I think that's because people find cross dressing to be humorous. And this isn't just because a bunch of nominally 'straight' people like laughing at the odd person swapping gendered clothing articles, even shows which are geared toward and aimed at transvestites often play up the humor, Rupaul's Drag Race being a good example of this. That's not to say that you can't have a transvestite character who isn't just doing it for the lols, but humor linked to men dressing as women is a core part of what many transvestite shows actually aim for.
That said, cross dressing done as an act or for humor is a different thing that someone who's transgendered wearing gendered clothing of the opposite sex. This cartoon in particular is not focussing on that though, it's focussed on the played-for-humor aspects of the former example. I think it's a fallacy to try and combine cross-dressing and transgendered roles into being of the same category, as one is often done specifically for comedic effect and the other is not. I would like to see more transgendered characters though, that's for sure.
OT - As for Bob's video, the only issue I take is his assertion that girl+guy = good, where as independent girl = bad. You have examples of females attached to male characters who are bad (Harley Quinn much?) and examples of independent heroines being good. Wonder Woman, as he pointed out already, but also the later version of Huntress and a bunch of the cast of characters from Birds of Prey (even if many of them started life as evil or connected to male characters, things have changed.)

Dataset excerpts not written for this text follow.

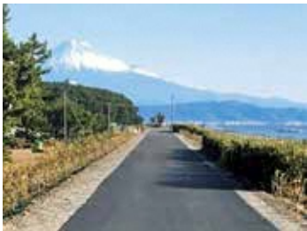
整備が進む潮風グリーンウォーク (焼津市一色)

A 新たな日常への転換や「SDGsの推進」などの観点とカーボンニュートラルの視点を重視して見直しを検討する。
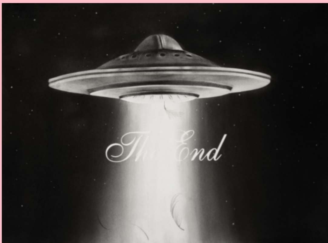
El buscador de verdades, 2019
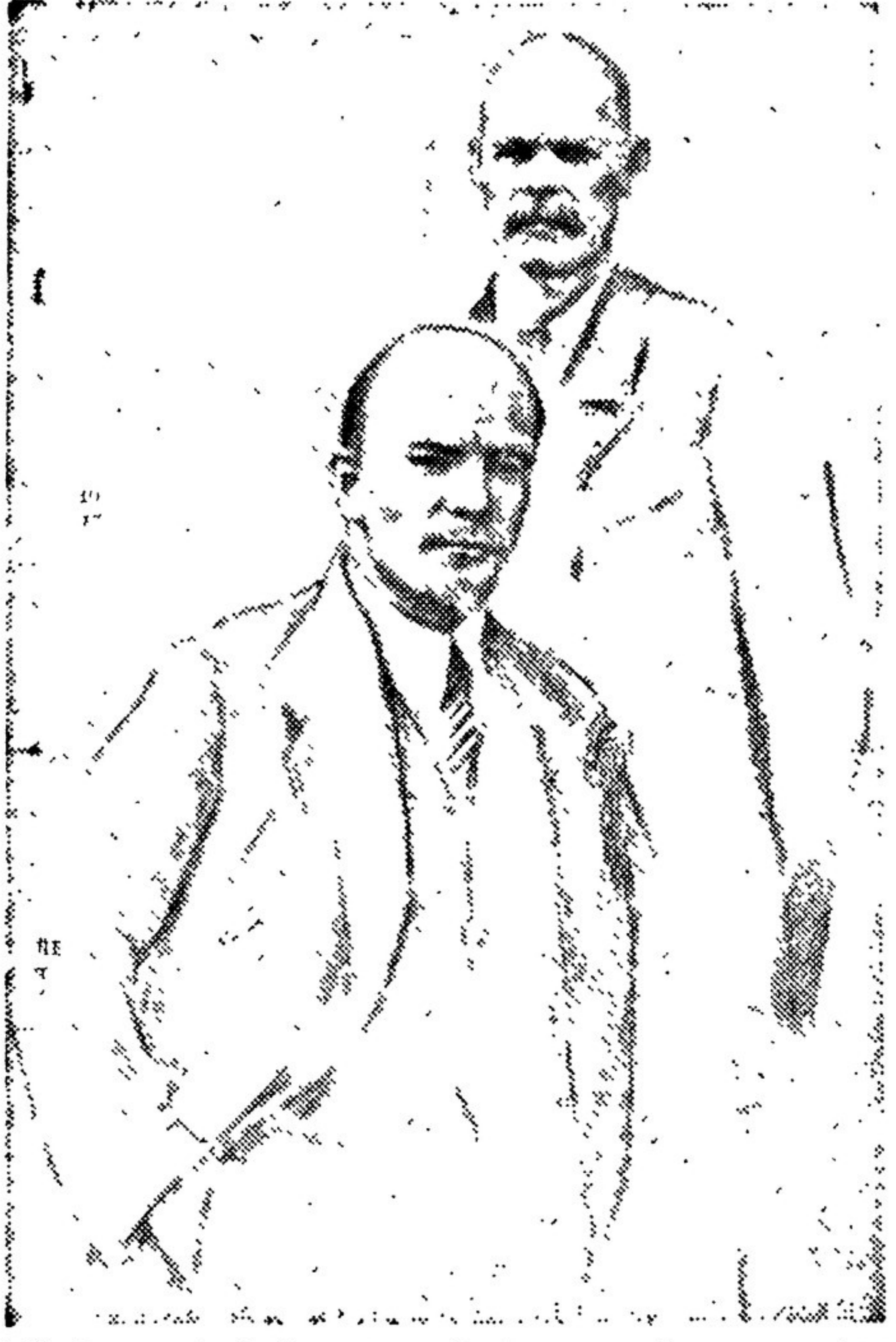
И. Ленин и А. М. Горький на II Конгрессе Коминтерна (лето 1920 г.). Рис. Г. Верейского

Кий составляли мне компанию, но теперь никого не осталось со мной, кроме Ульяна, который много моложе меня, но который все же относится к XIX веку. Но правда сказать, пора уже исчезнуть всем нам — революция XIX века. СССР ждет слышимое будущее, чтобы бесконечно пошлому.
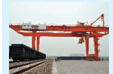
装载货物
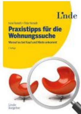
Praxistipps für die Wohnungssuche Ladenpreis: 29,90EUR
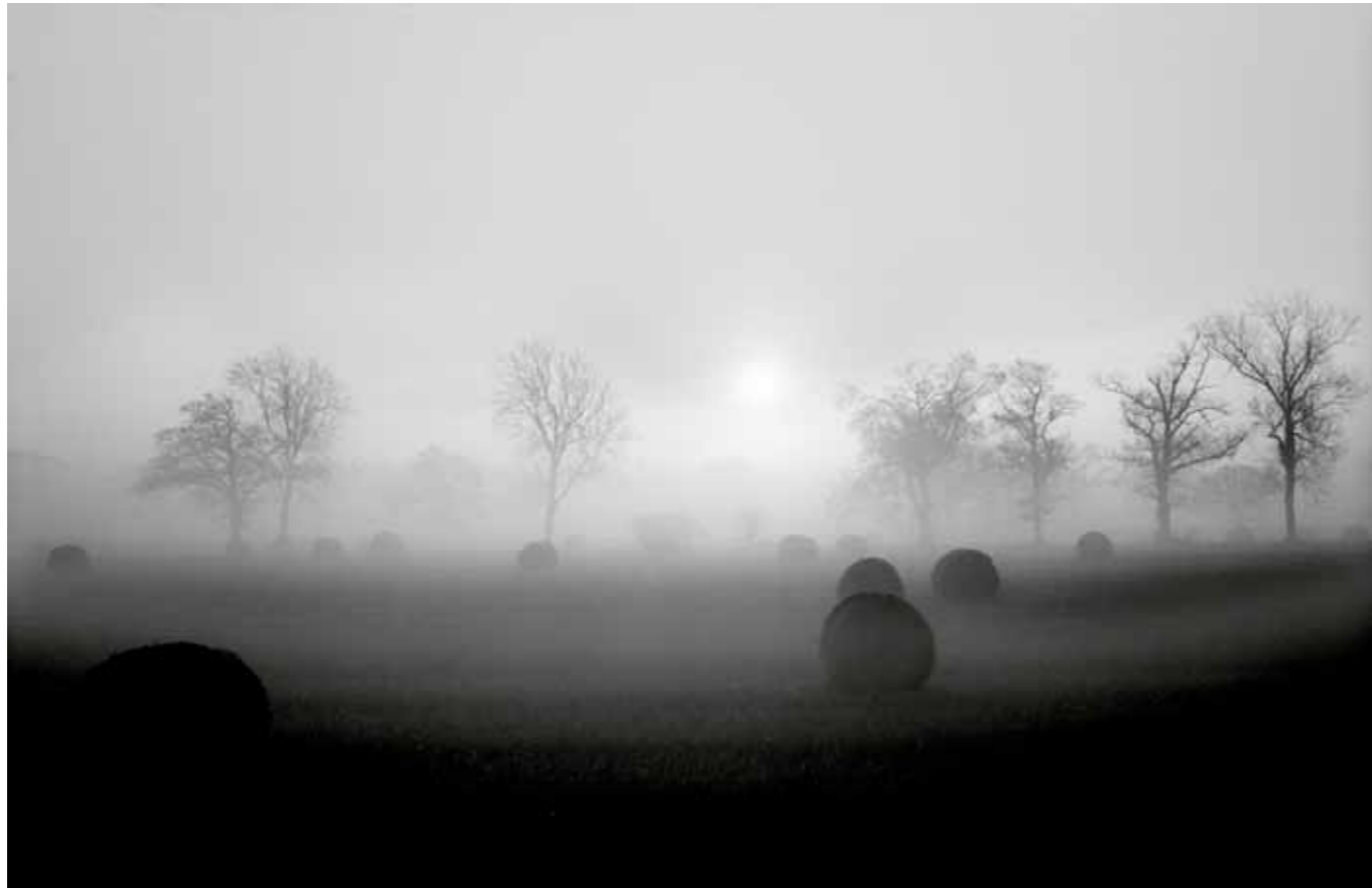
Hay Bales Sussex, UK, 1994 5 / 50 65 x 100 cm
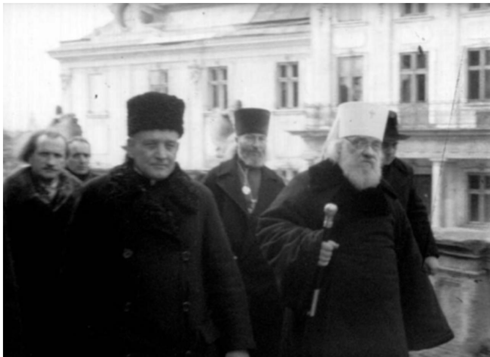
Прибуття екзарха України Іоана до собору св. Юра. 9 березня 1946 року 283 .
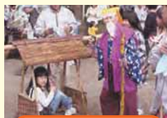
青少年指導員活動
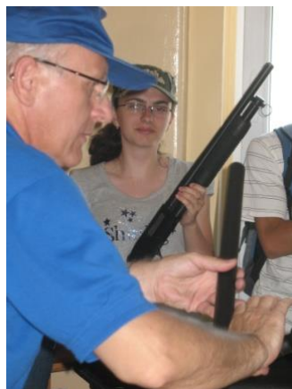
Zajęcia na strzelnicy
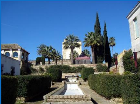
CASTILLO ÁRABE DE UTRERA
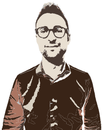
a cura di Riccardo Soliani Responsabile tecnico Regionale CAA Centro Assistenza Tecnica

Riapertura dei termini di presentazione delle domande dal 22 aprile al 19 giugno 2026
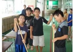
朝の縦割り活動 家庭の一事徹底
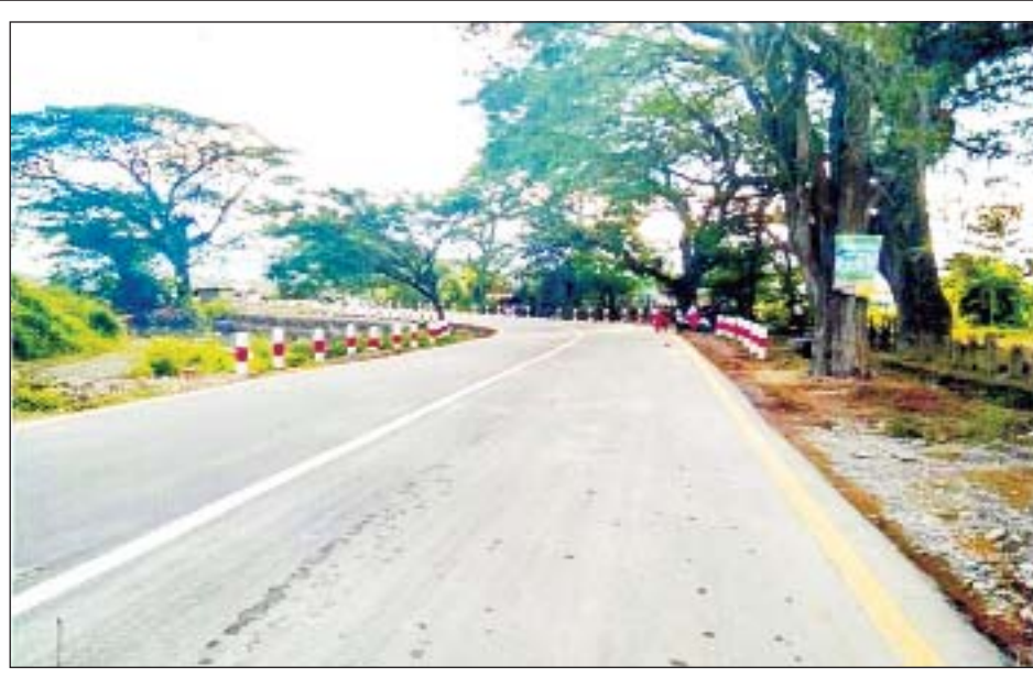
ဂန့်ဂေါ-ကလေးသွားကားလမ်းကို တွေ့ရစဉ်။

■ စာမျက်နှာ ၁၆ မှ မြန်မာနိုင်ငံအနှံ့အပြားသို့ သွားလာနိုင်မည် နှစ်စဉ်ရန်ပုံငွေခွင့်ပြုရရှိမှု အခြေအနေအရ လက်ရှိလုပ်ကိုင်နေသည့် လုပ်ငန်းများမှာ လက်ရှိ မြေပြင်တွင်ရှိသည့် လမ်းကြောင်းအခြေအနေများ အရ အတက်အဆင်း မတ်စောက်သောနေရာများ အား Grade နှိမ့်ချခြင်း၊ သတ်မှတ်လမ်းတာပေါင် အကျယ်/ အမြင့် ရရှိအောင်ဆောင်ရွက်ခြင်း၊ အမာခံလမ်းကို ကွန်ကရစ်လမ်းအဖြစ် အဆင့် မြှင့်တင်ခြင်း၊ လိုအပ်သောနေရာများတွင် မြေထိန်း နံရံ/ မြေကာနံရံများ တည်ဆောက်ပေးခြင်းနှင့် လက်ရှိသစ်သား/ ဘေလီတံတားများကို ကွန်ကရစ် တံတားအဖြစ် အဆင့်မြှင့်တင်ခြင်းလုပ်ငန်းများ ကို ဆောင်ရွက်လျက်ရှိပြီး လမ်းလုပ်ငန်းအနေဖြင့် မူလအမာခံလမ်း ၁၈ပေအကျယ် ကွန်ကရစ်လမ်း အဖြစ် ၃၄ မိုင် ၇ ဒဿမ ၇၅ ဖာလုံ၊ မူလမြေလမ်းမှ အမာခံလမ်းအဖြစ် ၄၉ မိုင် ၇ ဒဿမ ၂၅ ဖာလုံ၊ တံတားလုပ်ငန်းအနေဖြင့် ကွန်ကရစ်တံတား ပေ ၁၈၀ နှင့်အထက် ၁၄ စင်း၊ ကွန်ကရစ်တံတား ပေ ၁၈၀ နှင့်အောက် အစင်း ၄၄၀ စုစုပေါင်း ၄၅၄ စင်း တိုးတက်ဆောင်ရွက်နိုင်ခဲ့ပြီး ဖြစ်သဖြင့် စစ်ကိုင်းတိုင်းဒေသကြီးအထက်ပိုင်းနှင့် နာဂဒေသ တွင်းမှ သက္ကယ်ကျင်း-ရေဦး-မုံရွာ တို့မှတစ်ဆင့် မြန်မာနိုင်ငံအနှံ့အပြားသို့ သွားလာနိုင်မည်ဖြစ်သည်။ လက်ရှိလမ်းအခြေအနေမှာ ၂၄ ပေနှင့် အထက် ကတ္တရာကွန်ကရစ်လမ်း သုည မိုင် ၄ ငါး ဖာလုံ၊ ၁၈ပေ ကွန်ကရစ်လမ်း ၃၈ မိုင် ၁ ဒဿမ ၅ ဖာလုံ၊ ၁၂ ပေ ကွန်ကရစ်လမ်း ၁ မိုင် ၃ ဒဿမ ၅ ဖာလုံ၊ ၁၂ ပေ ကတ္တရာလမ်း ၁ မိုင် ၇ ဖာလုံ၊
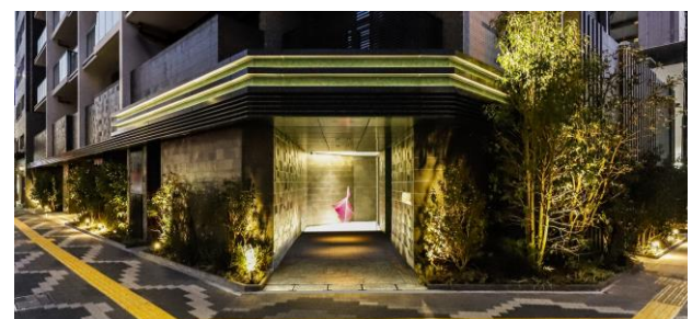
エントランスアプローチ
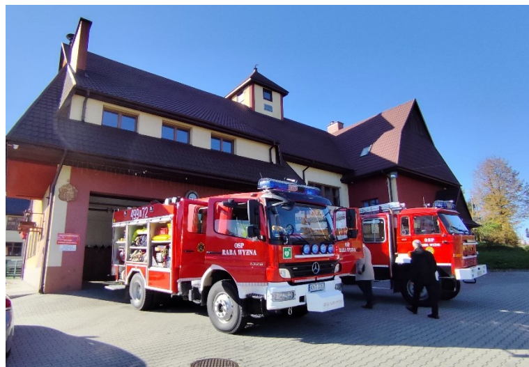
Návšteva predstaviteľov DHZ-O Gánovce a Spišské Hanušovce v Rabe Wyżnej.
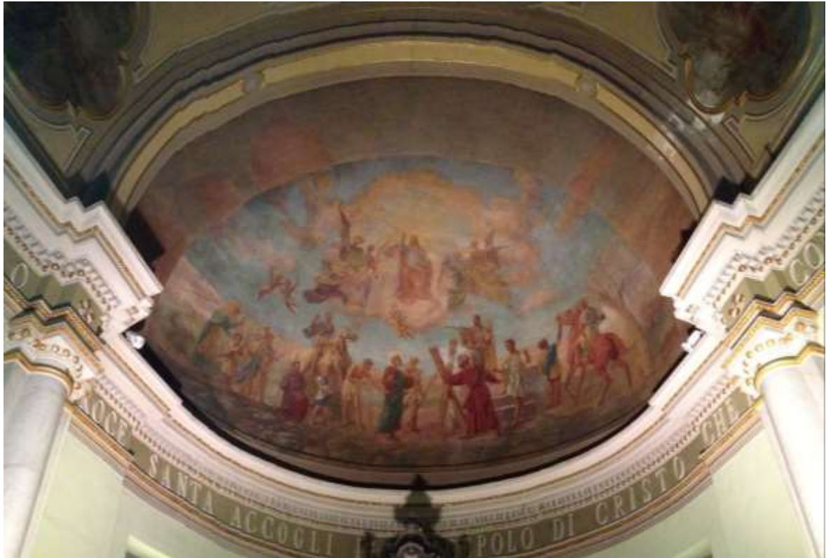
ANTE RESTAURO – il fascione dell'arco è interamente coperto da ridipintura monocroma
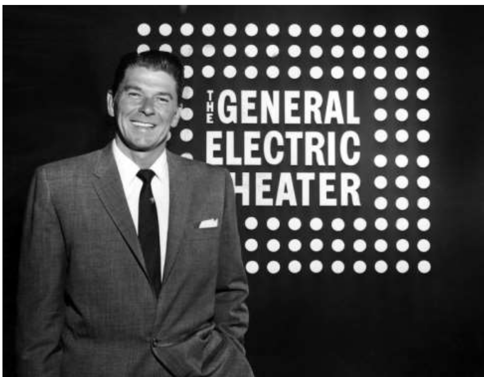
Slika 4.1. Ronald Reagan kao voditelj The General Electric Theatera

„Ronald Reagan, američki glumac i predsjednik Udruženja glumaca Amerike u aktivnu politiku ulazi nakon demobilizacije poslije Drugog svjetskog rata. Kao političar zalagao se za konzervativni pokret s novom vrstom vodstva, bolje opremljenim za novo – televizijsko doba, u kojem je slika kandidata jednako važna kao i njegove riječi i ideje. Tijekom pedesetih godina prošloga stoljeća Reagan koristi svoju slavu, šarm i komunikacijske vještine da bi pomogao u izgradnji konzervativnog pokreta, iako je tridesetih godina u Hollywood došao kao liberalni demokrat, ubrzo nakon svršetka Drugog svjetskog rata mijenja političku orijentaciju tvrdeći kako politiku New Deal-a vidi kao prijetnju temeljnim američkim vrijednostima.“ (Ross 2011:132). Ross smatra kako je Reaganova pozicija kao predsjednika Udruženja glumaca tijekom turbulentnih godina HUAC-ovih saslušanja učvrstila kod njega antikomunističke stavove, koji su ujedno postali osnovni element njegovog političkog vođenja Amerike.
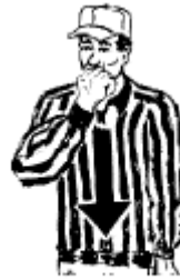
Saisir le protecteur facial Imitation du geste du joueur

We can also argue over what being 'connected' to a male character even means. Who's really independent, male or female, in either DC or Marvel? Nearly everyone's been connected to a team at one point or another, male and female alike. And just as there are often independent female villains, so goes the male villains. Note how many male villains were very often shown with no romantic interest and no connection to any female characters good or evil (except the occasional team up). This is because those villains are portrayed not as people, but as plot devices, objectified and without humanity. It isn't that independent female = bad, but rather that good characters are people who have socializations and are dependent on their inter-personal relationships, where as evil characters are either portrayed as psychopaths with no ability to form real relationships, or because they are so objectified that the idea of relationships never even comes up. Both of these phenomenon happen regardless of gender.